Painting Demonstration 1
I begin with a bold wash of ultramarine blue and cobalt on the sky. It's such a gorgeous sky that stretches forever. I know I'll need several layers on it.
Painting Demonstration 2
I added a few dashes of cobalt teal in the sky then moved down into the ocean and around to the rocks. I'm keeping everything very light and loose, leaving plenty of whites.
Painting Demonstration 3
I touch the sea with pthalocyanine blue, leaving small gaps on the rought press paper. I use pthalo blue and burnt sienna for a strong dark in the deep crevice under the cliff. It's awsomely deep there where the water's rush through and I want a deep, but muted, dark. The cliff shadow isn't the center of interest!
Now the really fun part! I love painting endless ocean skies!
I'm using ultramarine blue mixed with nickel azo yellow and ultramarine pink to mute it a little. I want a very grayed base for the cloud shadows. Into that base I'm dashing bits of the three colors and cobalt teal. This part of the painting, work fast!
When I'm almost done with the wash I blur a few harsh edges on the clouds. Big fluffy clouds do have very defined edges, but they also have edges that disappear. A little blurring goes a long way!
Artist TipsPaint twice as dark as you think you need. It will dry lighter!
Painting Demonstration 4
Notice how much lighter the sky has dried. Know what your pigments will look like when they're dry!
I start working with the rocks a little more. I want strong darks all around the waterline.
Painting Demonstration 5
Since I have the sky almost finished and some darks in the rocks, it's time to paint the lighthouse detail! If I had started the lighthouse detail before I'd painted the base for the rest of the painting then the values would have been off.
Since the building is white, I start with a warm nickel azo yellow glow for the shadows. While that's still damp, I start defining the doors and trim with cobalt teal and nickel azo yellow. I paint the entire windows, not trying to do just the trimwork.
I paint the lighthouse top with pthalo blue and burnt sienna. Notice how I pulled a little color off the black reflection with a rag. It just shows the blue sky color underneath - perfect for a reflection!
I kept the white of the paper for the glass reflection. If you can't do that, just use white gouache.
Painting Demonstration 6
Now for a little darker trimwork and the darks of the windows. I do these with a tiny rigger brush.
The bright cadmium red of the roof is tricky. It absolutely stands out against the sky. It's supposed to! But leave a few holes in it so it flows better with the rest of the painting.
Painting Demonstration 7
I needed to darken the highlights on the rocks so they set off the lighthouse. A lot of dry brush on the rocks in multiple passes gives them a subtle texture.

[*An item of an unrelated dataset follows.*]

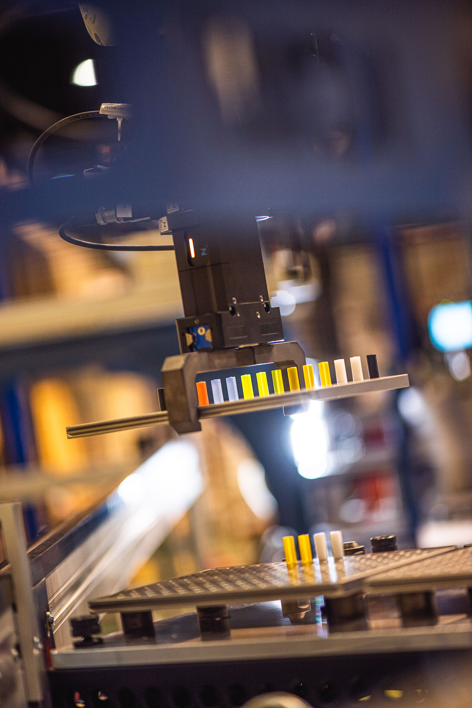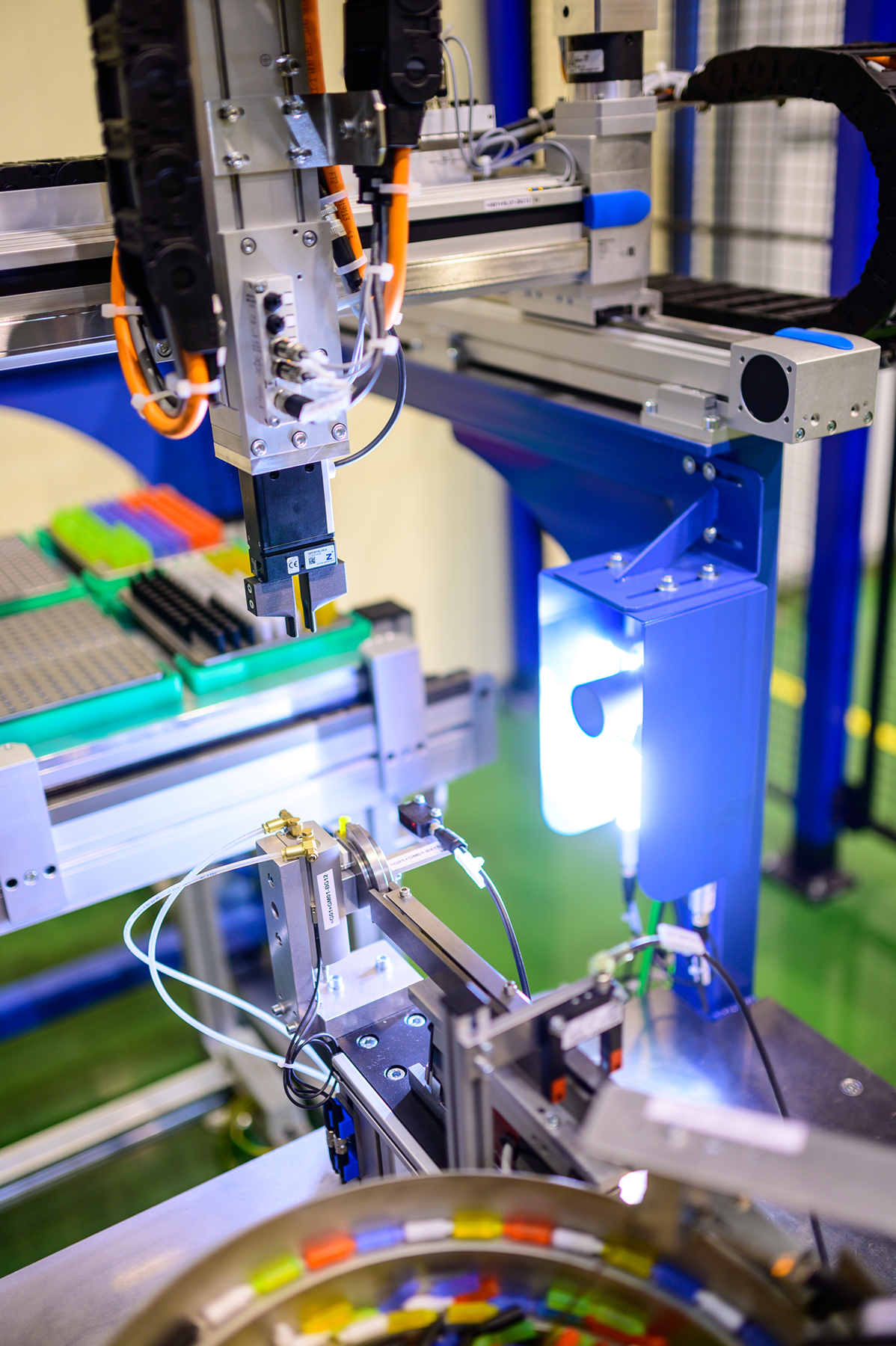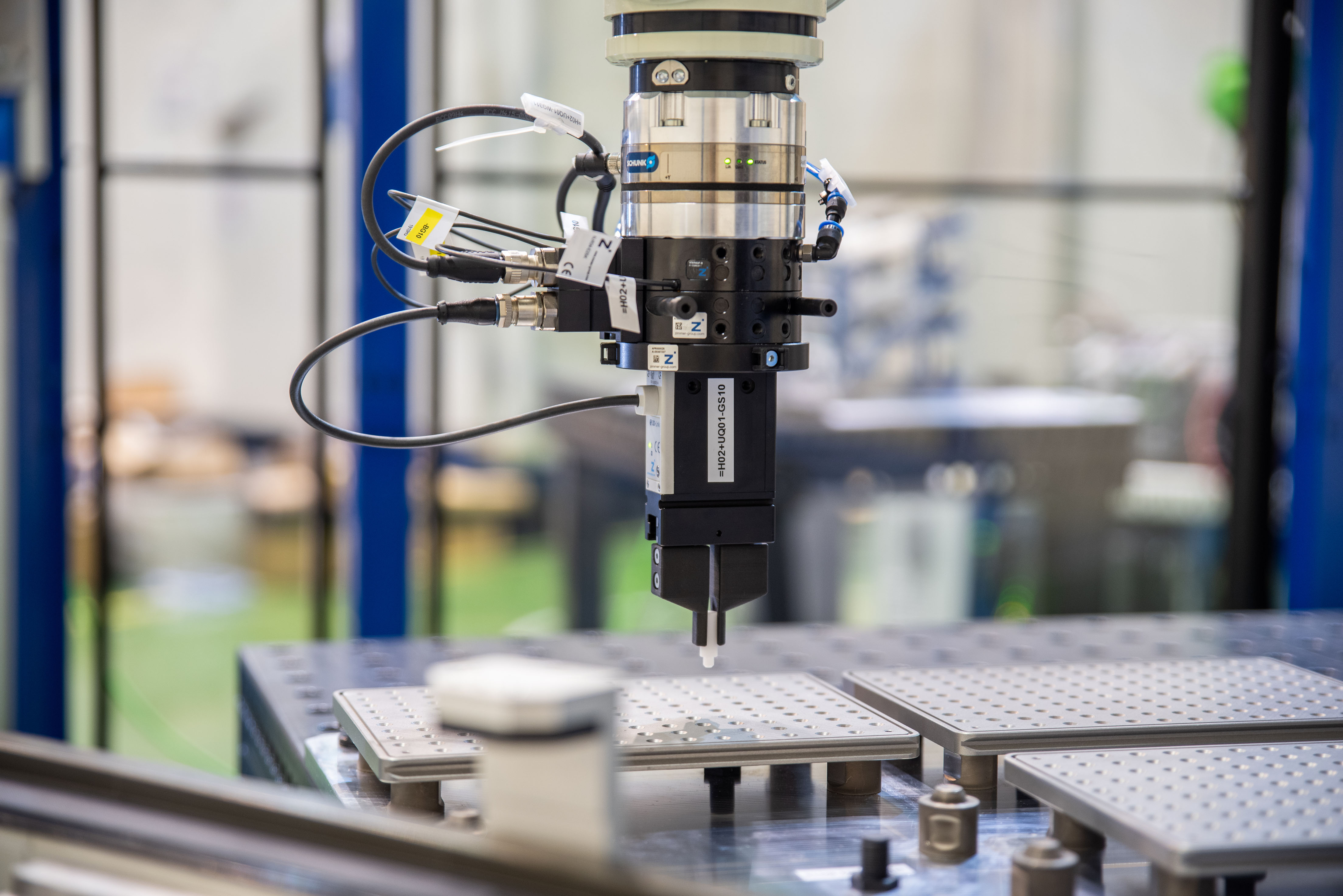 - Intelligente Bauteilerkennung: Einsatz moderner 2D- und 3D-Kameratechnik direkt an der Effektor-Einheit oder stationär, um Objekte lageunabhängig zu identifizieren und autonome Bahnkorrekturen durchzuführen.
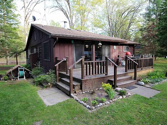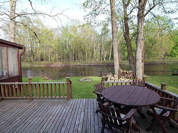 Log cabin with 110 Feet of frontage on the Muskegon River. This 2 bedroom cabin features a large master bedroom with view of the river from both bedroom windows, extra space in loft over kitchen, screened in room facing the river, decks off front and back of cabin, newer roof and skylights, and wood burning stove. Property also features a stick built 30x40 1 1/2 story garage with workshop.

I use the same green and yellows as the lighthouse trim to lightly paint the far islands. This little touch gives a sense of depth to far ocean horizon.
I softened the left edge of the red roof a little with a wet rag. It was distracting from the actual lighthouse.
I'm happy with this classic view of Portland Head Lighthouse. My lovely mother-in-law has already claimed the painting (she loves lighthouses even more than I do) so it's even a Christmas present. Very appropriate for Christmas with green and red, I think.
I have 2 more views I want to paint of Portland Head Lighthouse - at the moment. It's such a dramatic and iconic piece of America, that I'll probably paint a lot more than that over my lifetime. I really can't wait until the boys are old enough for me to safely sketch on location there again! Sometime next year I'll paint the next view of the lighthouse for you.
My fingers really are itching to start, but I think for painting lessons, it's better to mix up the subject matter a bit. So many artists get stuck painting just one subject - or different subjects exactly the same!